Santo Tomás no vacila en añadir: «De donde, en cuanto a la culpa, que le hace adversario de Dios, es digno de odio cualquier pecador, aunque se trate del padre, de la madre y de los parientes, como se nos dice en el Evangelio (Lc. 14, 26). Hemos, pues, de odiar en los pecadores lo que tienen de pecadores y amar lo que tienen de hombres, capaces todavía (por el arrepentimiento) de la eterna bienaventuranza.

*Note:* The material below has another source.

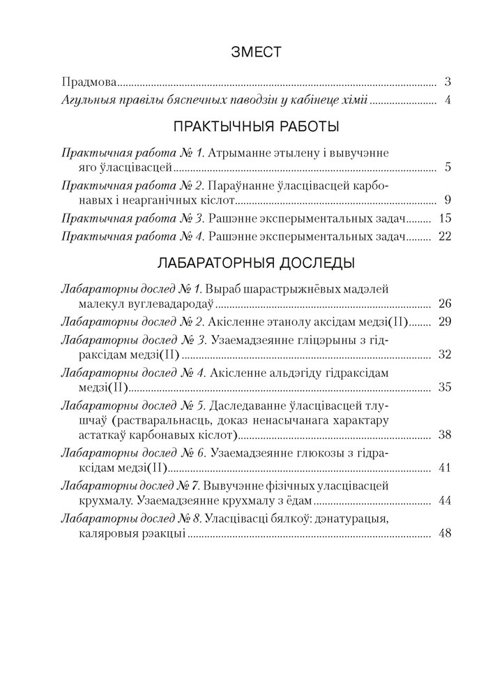 Сшытак з’яўляецца часткай вучэбна-метадычнага комплексу па хіміі для 10 класа. У ім змяшчаюцца практычныя работы і лабараторныя доследы, выкананне якіх прадугледжана вучэбнай праграмай (базавы ўзровень), прапануюцца рацыянальныя і эфектыўныя спосабы іх афармлення. Пасля кожнага лабараторнага доследу прыводзяцца рознаўзроўневыя заданні для самастойнага замацавання ведаў.

Y esto es amarlos verdaderamente por Dios con amor de caridad».
Desobedecer a Dios, rebelarse contra Él y contra su ley sagrada es un acto de indignidad satánica.
Digno es aquel hombre que obedece a Dios, que cumple sus mandamientos con la ayuda de la gracia; aquel que vive el mandamiento de la caridad: que ama a Dios sobre todas las cosas y que ama al prójimo por Dios. Los santos son los seres humanos realmente dignos. Y para ser santos, necesitamos que Cristo nos elija y nos santifique con sus sacramentos y sus gracias.
Cómo conjugar la libertad del hombre con la sumisión a Dios
El pecado nos aparta del fin para el que hemos sido creados. Es absolutamente necesario que el hombre quede todo entero bajo la dependencia efectiva y constante de Dios. Por consiguiente, es totalmente inaceptable una libertad humana que no esté sumisa a Dios y sujeta a su voluntad. Negar a Dios este dominio supremo o negarse a aceptarlo no es libertad, sino abuso de la libertad y rebelión contra Dios.
Entonces, ¿cómo conciliar la libertad del hombre con su sumisión a Dios? Es absolutamente necesario que seamos dóciles a la voluntad de Dios. Entonces podríamos objetar que el hombre ya no es más que una marioneta en las manos de Dios. ¿Dónde está nuestra responsabilidad y nuestra libertad?
Este temor es falso: incluso es la tentación más grave con la que el demonio trata de alejar al hombre de Dios. Al contrario, debemos afirmar enérgicamente que cuanto más sometido a Dios está el hombre, más libre es. El único modo que tiene el hombre de conquistar su libertad es el de obedecer a Dios. Porque quien peca es esclavo de Satanás.
Dios es nuestro creador, es Él quien en todo momento nos mantiene en la existencia como seres libres. Él es el origen de nuestra libertad y, cuanto más dependemos de Dios, más libres somos. Depender de un ser humano puede ser una limitación, pero no lo es depender de Dios, pues en Él no hay límites: es infinito. La única cosa que Dios nos «prohíbe» es lo que nos impide ser libres a nosotros, lo que impide nuestra realización como personas capaces de amar y de ser amadas libremente, y de encontrar su felicidad en el amor. El único límite que Dios nos impone es nuestra condición de criaturas: no podemos, sin ser desgraciados, hacer de nuestra vida otra cosa distinta de aquello para la que hemos sido creados: recibir y dar amor. La verdadera libertad no incluye la posibilidad de pecar.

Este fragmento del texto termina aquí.